> Task details: Each line below needs to be returned exactly. Skip any picture.

> Data extract:
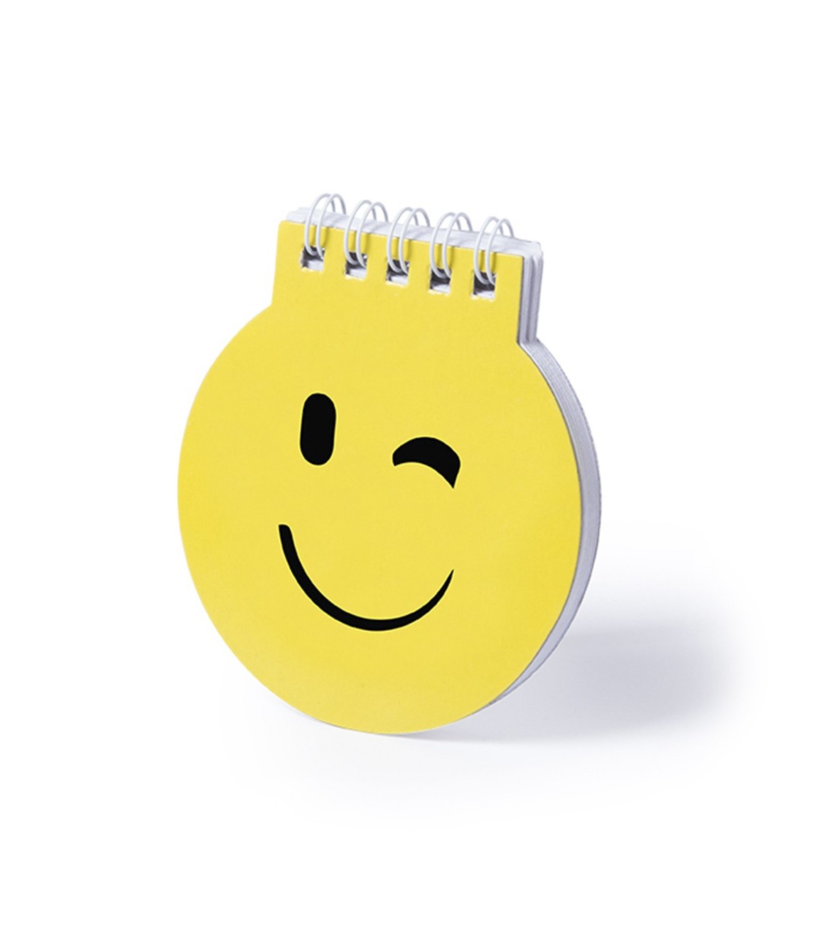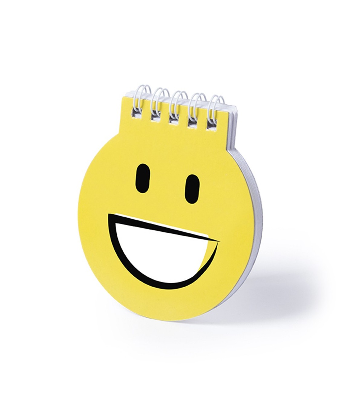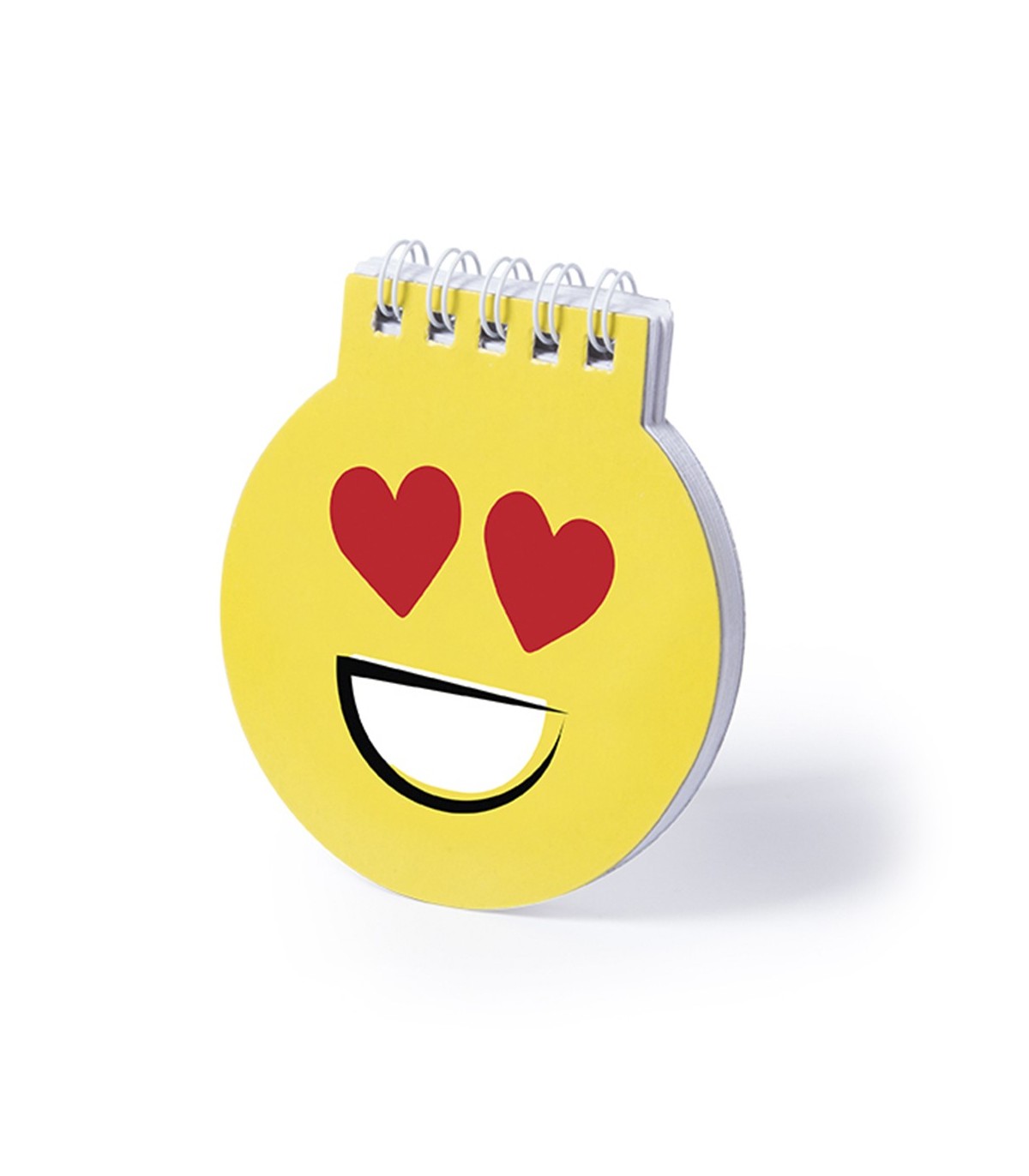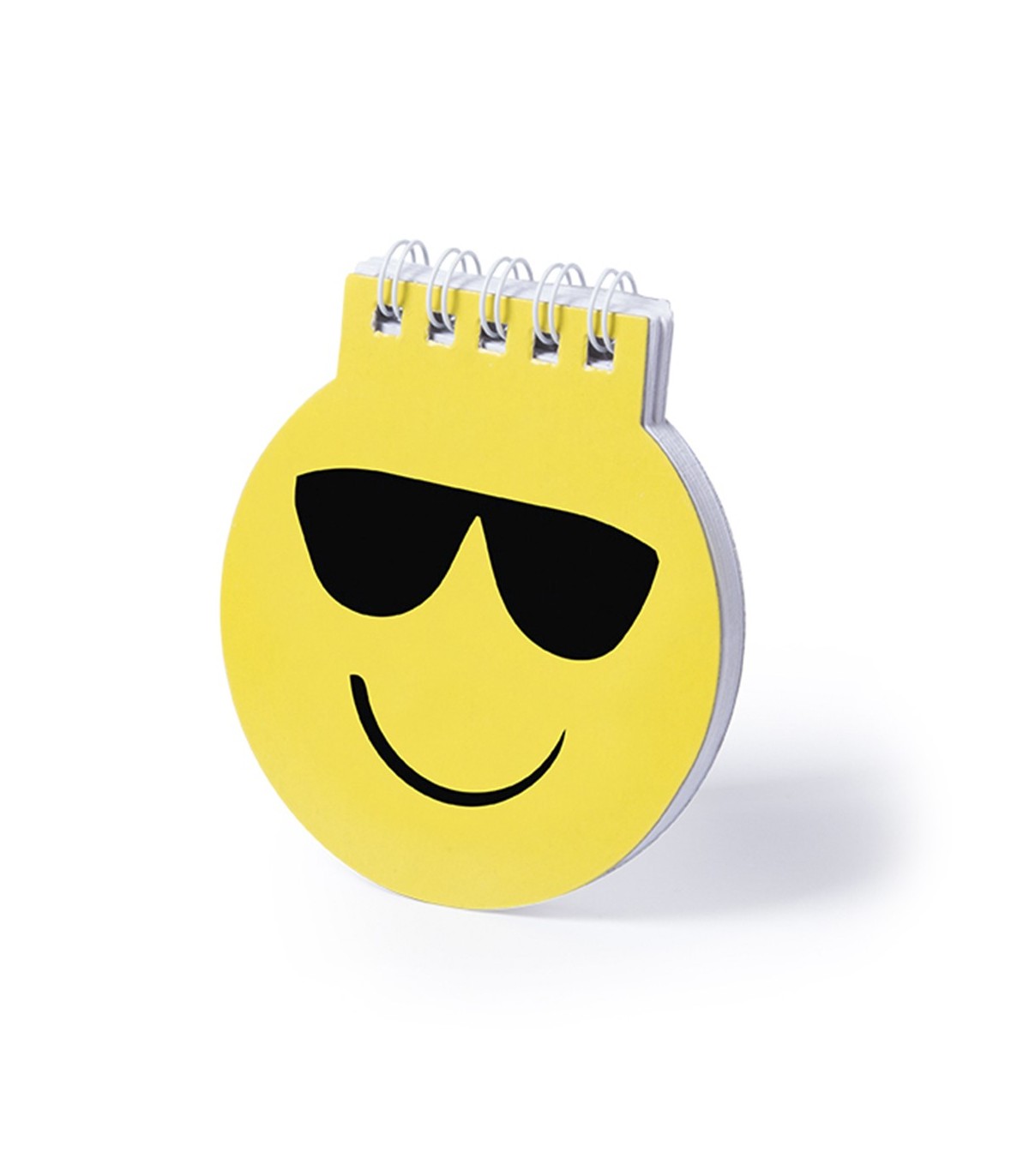 Libreta emoji en llamativo color amarillo con anillas blancas y tapas de cartón rígidas de suave acabado brillante y 40 hojas lisas.
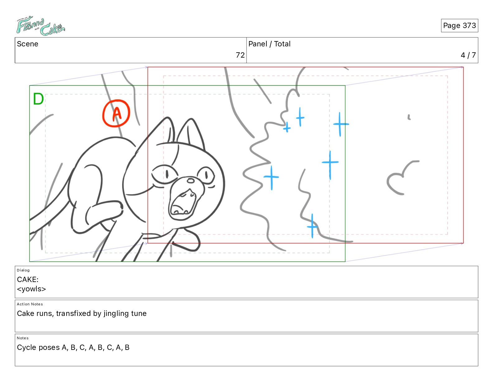 <yowls> Action Notes Cake runs, transfixed by jingling tune Notes Cycle poses A, B, C, A, B, C, A, B Page 373
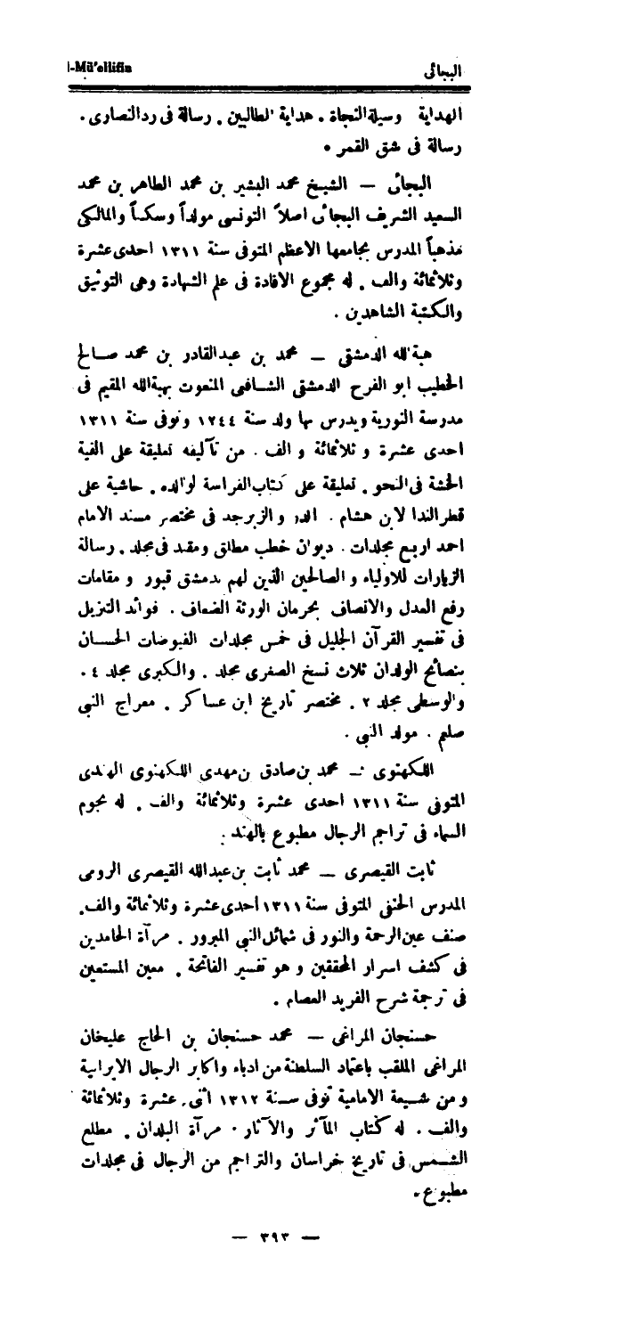 البجائى الشَّيْخ مُحَمَّد البشير بن مُحَمَّد الطَّاهِر بن مُحَمَّد السعيد الشريف البجائى اصلا التونسى مولدا وسكا والمالكي مذهبا الْمدرس بجامعها الاعظم الْمُتَوفَّى سنة 1311 احدى عشرَة وثلاثمائة والف.

> Written solution:
 Libreta emoji en llamativo color amarillo con anillas blancas y tapas de cartón rígidas de suave acabado brillante y 40 hojas lisas.
 <yowls> Action Notes Cake runs, transfixed by jingling tune Notes Cycle poses A, B, C, A, B, C, A, B Page 373
 البجائى الشَّيْخ مُحَمَّد البشير بن مُحَمَّد الطَّاهِر بن مُحَمَّد السعيد الشريف البجائى اصلا التونسى مولدا وسكا والمالكي مذهبا الْمدرس بجامعها الاعظم الْمُتَوفَّى سنة 1311 احدى عشرَة وثلاثمائة والف.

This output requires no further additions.